UK banks may need more taxpayer's cash, warns report
A new report has warned that as funding pressures mount UK banks might have to be bailed out yet again by the taxpayer.
The report, published by a think-tank called the New Economics Foundation (NEF), argues that the banking system is borrowing more than it is lending and that UK banks are facing what it labels a 'funding cliff'.
It states that in order to maintain existing levels of activity banks have to borrow £12bn a month, but that this figure could rise to £25bn a month next year.
"The public sector is likely, once again, to be asked to bail out the banks for the emerging funding gap," the report concluded.

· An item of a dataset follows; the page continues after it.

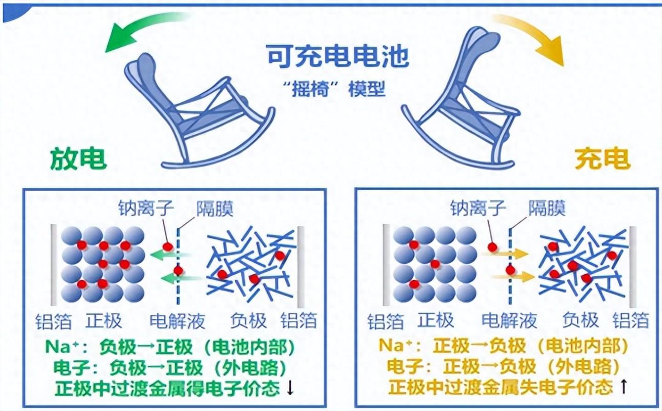鈉電池,即鈉離子電池(sodium-ion battery,常縮寫爲SIB或Na‑ion Battery),是一種可逆充放電的“搖椅式”二次電池體系。其工作原理是依賴鈉離子(Na⁺)在正極與負極間的嵌入與脫嵌,實現電能的儲存與釋放。鈉電池的核心結構與鋰離子電池高度相似,僅用鈉替代鋰。

The NEF also warned that the scale of proposed cuts to public spending "is being influenced by the likelihood of another wave of bank bail-outs".

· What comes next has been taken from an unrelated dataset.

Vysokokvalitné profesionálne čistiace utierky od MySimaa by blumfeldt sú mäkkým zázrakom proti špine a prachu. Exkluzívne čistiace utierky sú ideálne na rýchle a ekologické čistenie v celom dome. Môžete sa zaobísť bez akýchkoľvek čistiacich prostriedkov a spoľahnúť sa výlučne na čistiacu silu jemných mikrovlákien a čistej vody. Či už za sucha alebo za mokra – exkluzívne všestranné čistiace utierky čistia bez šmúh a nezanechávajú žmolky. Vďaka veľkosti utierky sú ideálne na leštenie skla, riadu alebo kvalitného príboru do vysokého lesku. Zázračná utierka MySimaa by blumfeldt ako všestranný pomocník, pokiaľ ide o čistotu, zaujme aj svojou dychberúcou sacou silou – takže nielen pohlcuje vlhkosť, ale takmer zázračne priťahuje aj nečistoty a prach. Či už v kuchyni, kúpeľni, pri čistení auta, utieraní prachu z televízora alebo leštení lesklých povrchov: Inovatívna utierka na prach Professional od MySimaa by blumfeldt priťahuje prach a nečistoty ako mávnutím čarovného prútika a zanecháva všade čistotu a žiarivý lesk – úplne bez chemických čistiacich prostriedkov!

The think-tank has called for the UK banking system to be radically reformed, including the imposition of a 'Robin Hood tax', which would see transactions taxed at source, as well as better regulation.
It also wants a UK Community Reinvestment Act which would demand that banks lend money where they are prepared to take deposits.
Chancellor of the Exchequer George Osborne told Sky News that he was neither expecting nor had been given any indication that the banks would need further support from the British taxpayer.
The British Bankers Association argued that not all banks had received taxpayer's money, and those that had were paying a comensurate rate of interest for the bailout.